Scott Alexander, curated
← Back to curation

Does Georgism Work? Part 1: Is Land Really A Big Deal?

Quality
80
Excellent
Claude Shift
50
Moderate
RWI
4
of 10

Summary

[Guest post by Lars Doucet - empirical follow-up to his Progress & Poverty review; scored on the same axes.] A rigorous, data-driven test of Krugman's dismissal that 'land just isn't a big deal today.' Marshals ~a dozen land-value estimation studies (Albouy, Larson 2015/2019, Smith's Counting Bounty, Tideman, Dwyer's Australian data, the Federal Reserve method, AEI) plus original Zillow/Redfin spot-checks to defend five hypotheses: most urban real-estate value is land; US land rents equal a sizable share of government spending (enough to cover any one of Defense / Social Security / Medicare+Medicaid alone, plausibly approaching a federal 'Single Tax'); land is a big share of bank loans, of gross personal assets (~40% US, 50-60% UK/France), and is concentrated among the old and wealthy. Intellectually honest - declares his pro-Georgist bias up front, brackets the estimates (Fed $24T low / Smith $44T high), and explains the methodology disputes (cost approach vs hedonic regression vs vacant-land sales). Introduces ATCOR and the Henry George Theorem.
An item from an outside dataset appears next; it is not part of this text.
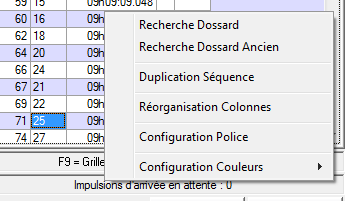 Il suffit de cliquez sur le côté droit de la souris et de valider recherche dossard ;
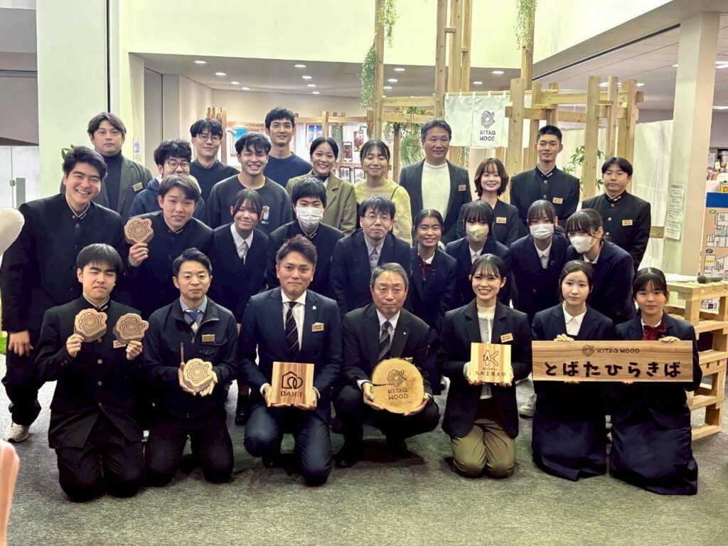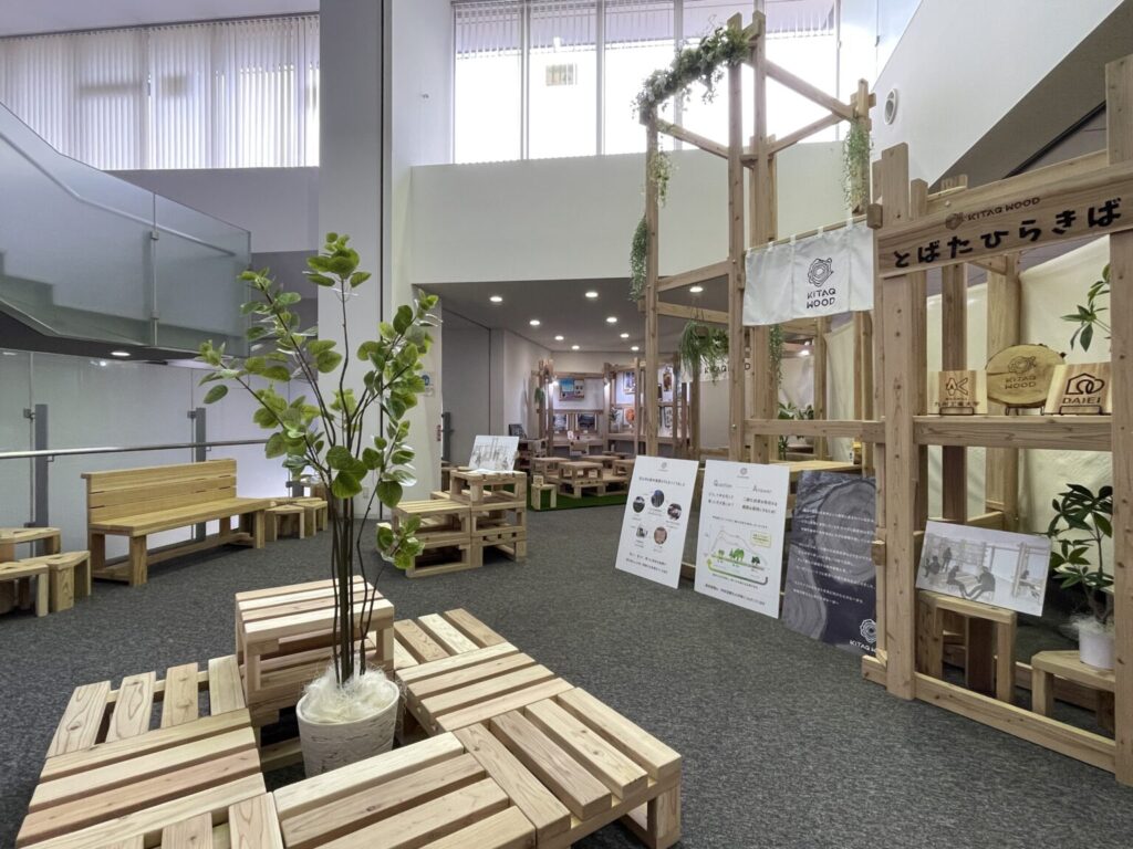 戸畑区役所・九州工業大学・大英産業による産学官連携プロジェクト「若者の居場所づくり」の一環として、KiTAQ WOODを活用した約84㎡のフリースペース「とばたひらきば」が完成いたしました。

IMPACT: its 'land is a big deal' thesis became the title and core premise of Doucet's book and the founding mission of the Center for Land Economics.

Why this score

Quality 80 · Excellent. Excellent band: an unusually lucid synthesis of a genuinely hard, data-heavy question that changes how a careful reader weighs land's economic importance, and the most substantial and consequential of the three follow-ups (also the most-read). A notch below the book review for narrower scope and drier specialist focus. ~80.
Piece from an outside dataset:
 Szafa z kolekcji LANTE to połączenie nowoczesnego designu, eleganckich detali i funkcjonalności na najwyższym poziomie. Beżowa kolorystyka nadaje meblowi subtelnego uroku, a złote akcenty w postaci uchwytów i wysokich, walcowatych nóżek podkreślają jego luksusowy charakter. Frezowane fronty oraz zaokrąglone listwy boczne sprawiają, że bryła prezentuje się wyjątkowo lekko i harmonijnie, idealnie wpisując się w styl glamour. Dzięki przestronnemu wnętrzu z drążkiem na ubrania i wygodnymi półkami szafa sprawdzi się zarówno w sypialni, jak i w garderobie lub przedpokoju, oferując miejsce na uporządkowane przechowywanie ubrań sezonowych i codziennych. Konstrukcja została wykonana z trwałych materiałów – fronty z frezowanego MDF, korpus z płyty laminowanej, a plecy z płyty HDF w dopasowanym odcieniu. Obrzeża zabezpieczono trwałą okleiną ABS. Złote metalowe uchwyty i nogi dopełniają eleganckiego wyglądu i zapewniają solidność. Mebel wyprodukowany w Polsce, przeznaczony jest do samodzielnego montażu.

Claude’s paradigm shift 50 · Moderate. Moderate. Synthesizes pre-existing land-economics research (Albouy, Larson, Smith, Tideman, Dwyer) into an accessible empirical case rather than originating ideas. Its downstream impact is scored in A. ~50.

Real-world impact 4 · Moderate. The most substantial and most-read of the empirical Georgism follow-ups, marshaling ~a dozen land-value studies to defend land's economic importance — a specialist brief that bolstered the credibility of the Georgism case feeding the broader (materially-consequential) Georgist revival. Real significance via that role, but narrower direct reach than the flagship review — mid RWI.